▶ _What the task requires_
Go to the line with "期間屈冬玉副部長與中東歐國家" in the entries below and write out every line from there through the line with "将一个大任务拆分成两个或多个", exactly and without pictures.

▶ _Data to examine_
=== Begin Enclosure ===
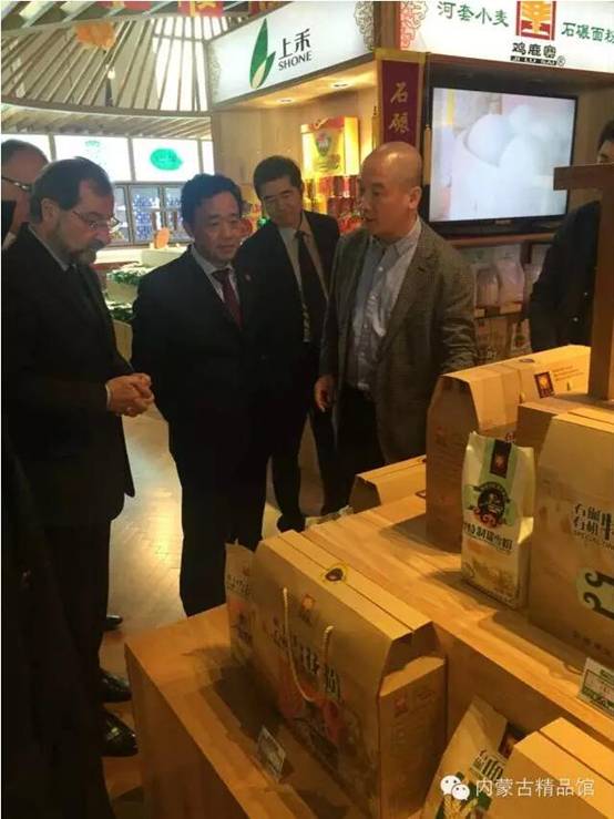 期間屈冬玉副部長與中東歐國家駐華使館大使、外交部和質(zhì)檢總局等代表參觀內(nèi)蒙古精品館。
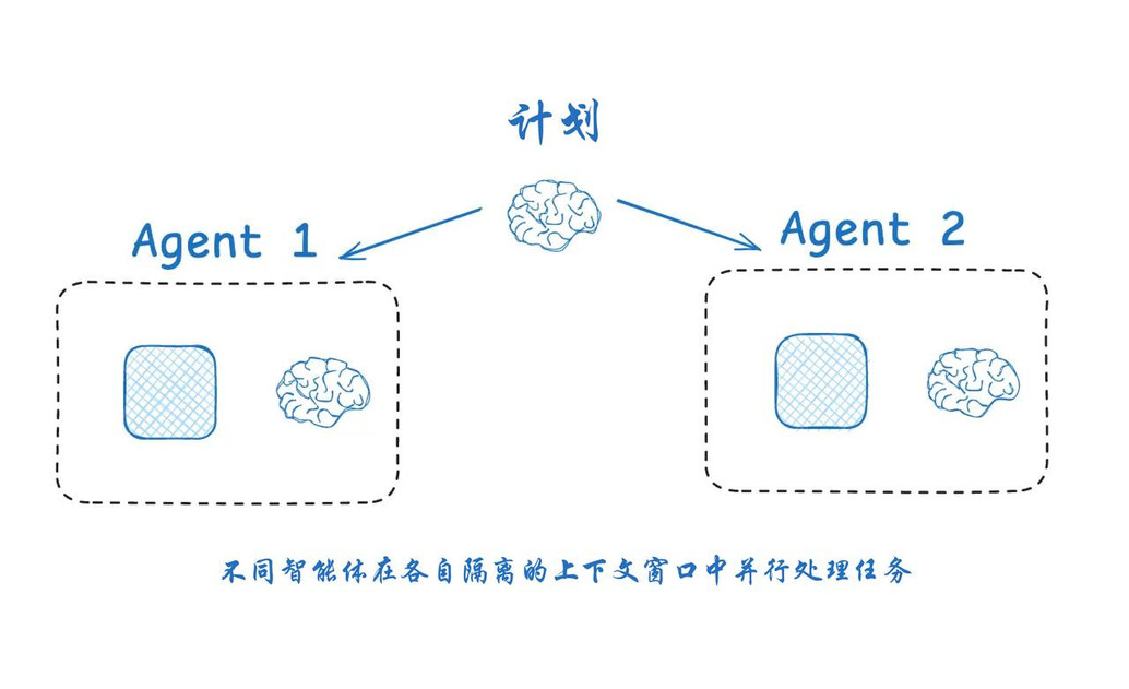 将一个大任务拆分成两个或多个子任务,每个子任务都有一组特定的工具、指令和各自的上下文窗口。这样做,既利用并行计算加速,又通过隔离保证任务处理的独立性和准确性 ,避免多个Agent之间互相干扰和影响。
=== End Enclosure ===
=== Begin Enclosure ===
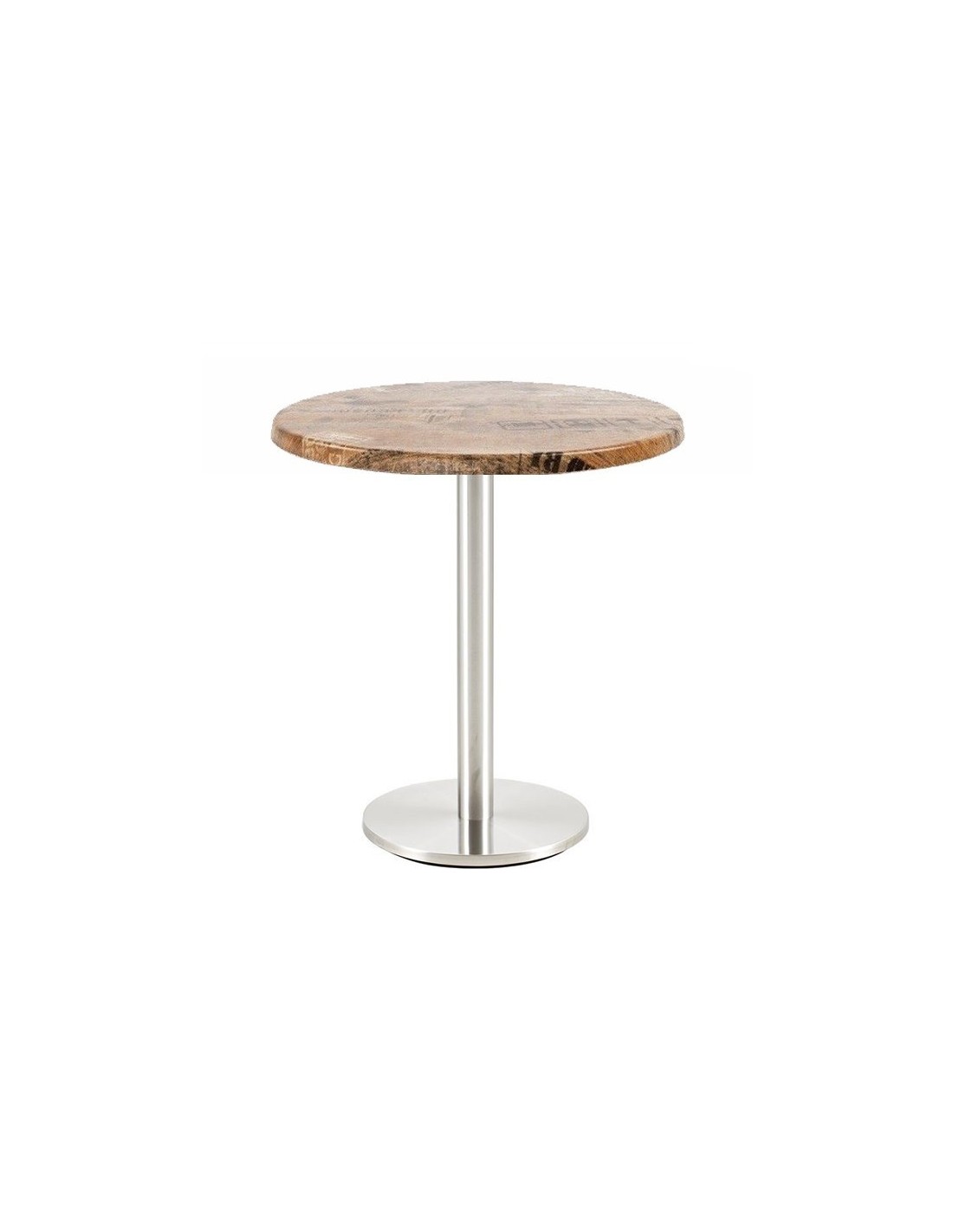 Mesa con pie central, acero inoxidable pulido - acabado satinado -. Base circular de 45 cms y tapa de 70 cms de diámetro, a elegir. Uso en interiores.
=== End Enclosure ===
▶ _Answer for the task_
 期間屈冬玉副部長與中東歐國家駐華使館大使、外交部和質(zhì)檢總局等代表參觀內(nèi)蒙古精品館。
 将一个大任务拆分成两个或多个子任务,每个子任务都有一组特定的工具、指令和各自的上下文窗口。这样做,既利用并行计算加速,又通过隔离保证任务处理的独立性和准确性 ,避免多个Agent之间互相干扰和影响。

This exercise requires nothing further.